■ Work order ■
Everything from the first line of the data through the line with "1pc Bathroom Kitchen" is to be echoed exactly, minus the pictures.
————————
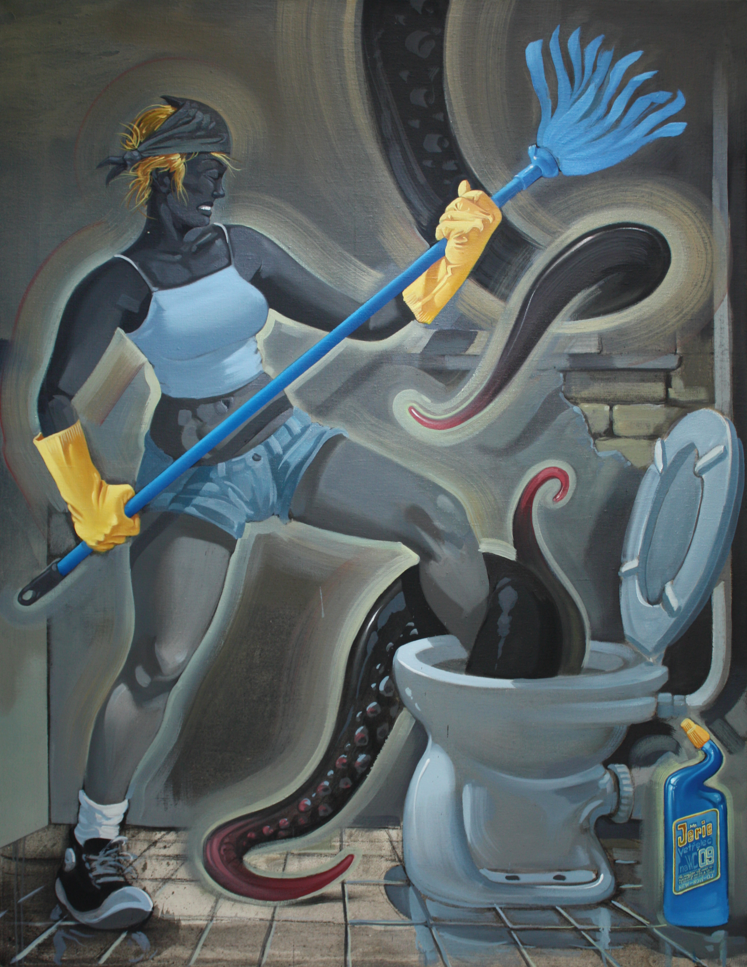 Pohnuté okamžiky z historie, superhrdinové, svět dinosaurů, fantastické příšerky i tajuplný svět hub – to vše je pro Karla Jerie už přes dvacet let stálou inspirací.  „Když se podíváme na velké obrazy Karla Jerie, zjistíme, že jsou to příběhy jakoby kouzlem zastavené do jednoho magického okamžiku. A pokud jde o jeho komiksy, najdeme v nich vždycky něco navíc. Svým osobitým zpracováním historických témat, jako je Candide, ale i král Oidipus, doba husitská, spor o pravost rukopisů či okupace Československa v roce 1968, autor systematicky přispívá ke všeobecné vzdělanosti. Což není vůbec samozřejmé v době, kdy jsou lidé zahlceni a méně čtou,“ říká kurátorka výstavy Pavla Petráková Slancová, která už v Galerii Portheimka zorganizovala řadu výstav významných malířů a grafiků.
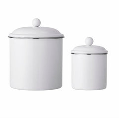 Undvik röran i köket med dessa snygga förvaringsburkar i vit metall. De skapar ordning och reda bland dina livsmedel och ger samtidigt ditt kök en stilfull och sammanhållen känsla. En praktisk och estetisk lösning för ditt hem.
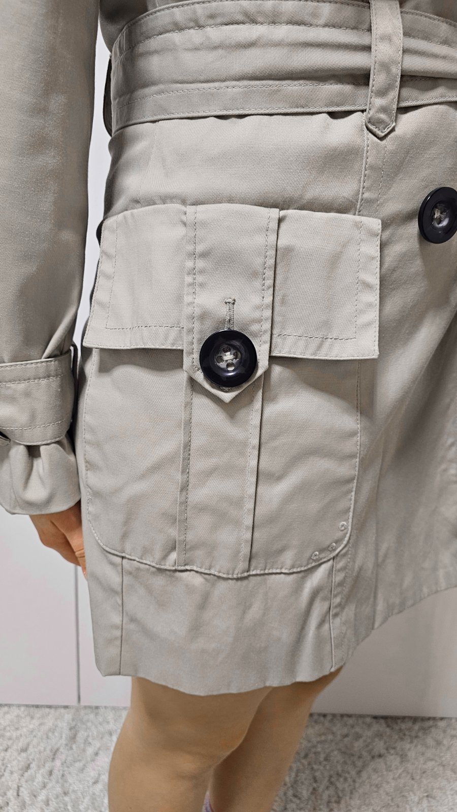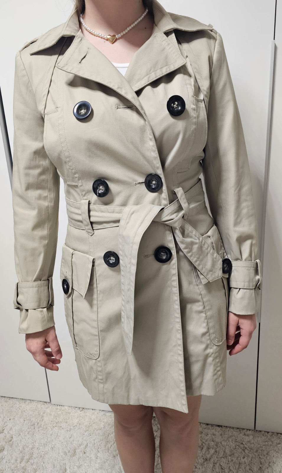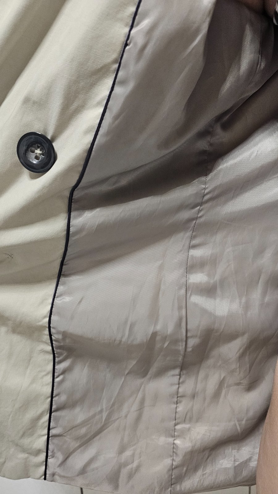 Výborný stav. Dĺžka 86 cm, šírka v hrudníku 50x2 cm, šírka v páse 44x2 cm, dĺžka rukáva od krku 75 cm. Kvalitný pevný materiál s podšívkou.
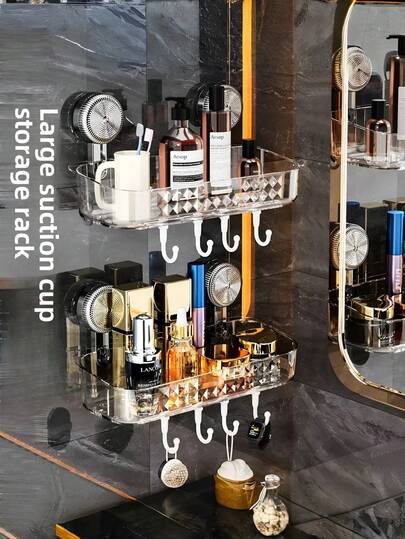 1pc Bathroom Kitchen No-Drill Storage Rack, Transparent Gray Modern Style Wall-Mounted Rack, Removable Suction Cup Design, Suitable For Bottles And Jars Of Various Sizes,For Holiday Beach, Bathroom Collection, Bedroom Collection, Large Capacity - Multicolor - View 1
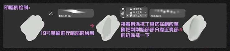 然后就是在上一步的基础上增加体积了,增加体积的方法其实就是把每个部分都上明暗,特别是翼膜的部分,要记得我们上面说过把翼膜当成皮质布料来画,所以在绘制时是可以通过明暗来表现类似的褶皱的,具体方法是在需要画褶皱的位置吸下暗部的颜色,用19号笔刷涂一笔,再吸一下亮部的颜色在原来的笔触上方涂一笔这样很容易就能出这种类似的效果了。
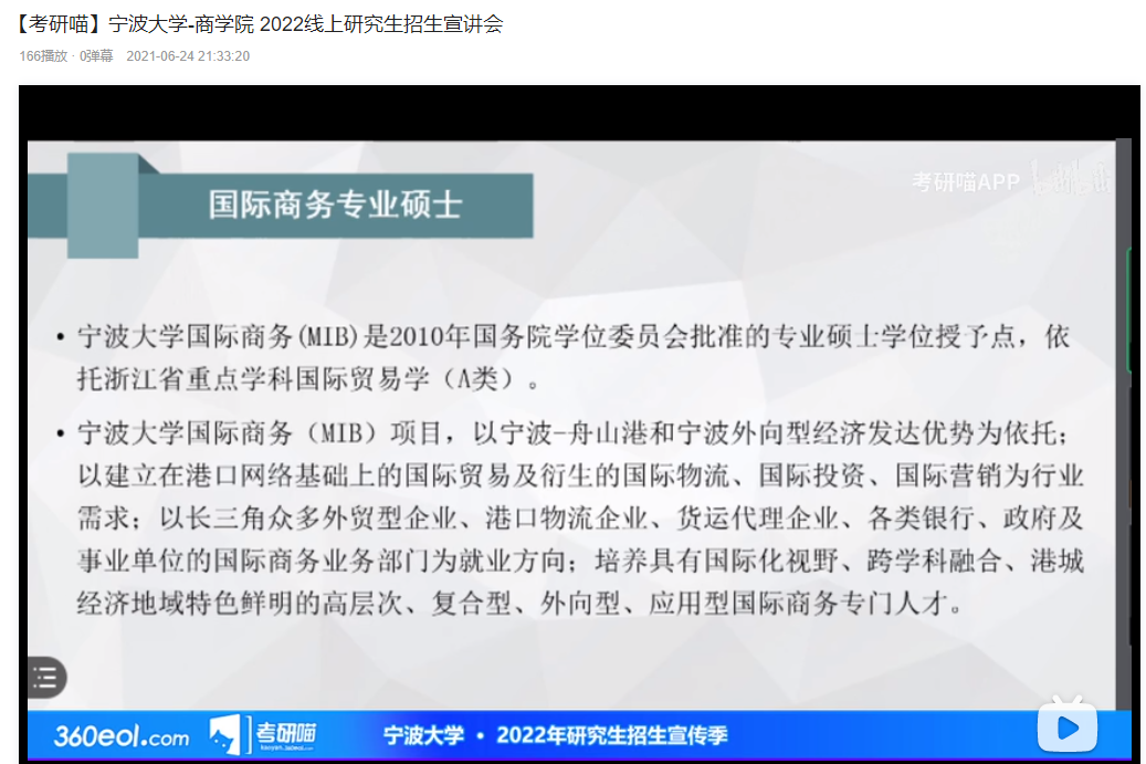 2021年6月23日,百家乐策略 2022线上研究生招生宣讲会在bilibili线上平台举行。国际商务专业硕士学位点负责人杨丽华讲授参加了线上宣讲会,介绍了百家乐策略 MIB项目的培养目标、特色及专业建设情况。
————————
■ Result ■
 Pohnuté okamžiky z historie, superhrdinové, svět dinosaurů, fantastické příšerky i tajuplný svět hub – to vše je pro Karla Jerie už přes dvacet let stálou inspirací.  „Když se podíváme na velké obrazy Karla Jerie, zjistíme, že jsou to příběhy jakoby kouzlem zastavené do jednoho magického okamžiku. A pokud jde o jeho komiksy, najdeme v nich vždycky něco navíc. Svým osobitým zpracováním historických témat, jako je Candide, ale i král Oidipus, doba husitská, spor o pravost rukopisů či okupace Československa v roce 1968, autor systematicky přispívá ke všeobecné vzdělanosti. Což není vůbec samozřejmé v době, kdy jsou lidé zahlceni a méně čtou,“ říká kurátorka výstavy Pavla Petráková Slancová, která už v Galerii Portheimka zorganizovala řadu výstav významných malířů a grafiků.
 Undvik röran i köket med dessa snygga förvaringsburkar i vit metall. De skapar ordning och reda bland dina livsmedel och ger samtidigt ditt kök en stilfull och sammanhållen känsla. En praktisk och estetisk lösning för ditt hem.
 Výborný stav. Dĺžka 86 cm, šírka v hrudníku 50x2 cm, šírka v páse 44x2 cm, dĺžka rukáva od krku 75 cm. Kvalitný pevný materiál s podšívkou.
 1pc Bathroom Kitchen No-Drill Storage Rack, Transparent Gray Modern Style Wall-Mounted Rack, Removable Suction Cup Design, Suitable For Bottles And Jars Of Various Sizes,For Holiday Beach, Bathroom Collection, Bedroom Collection, Large Capacity - Multicolor - View 1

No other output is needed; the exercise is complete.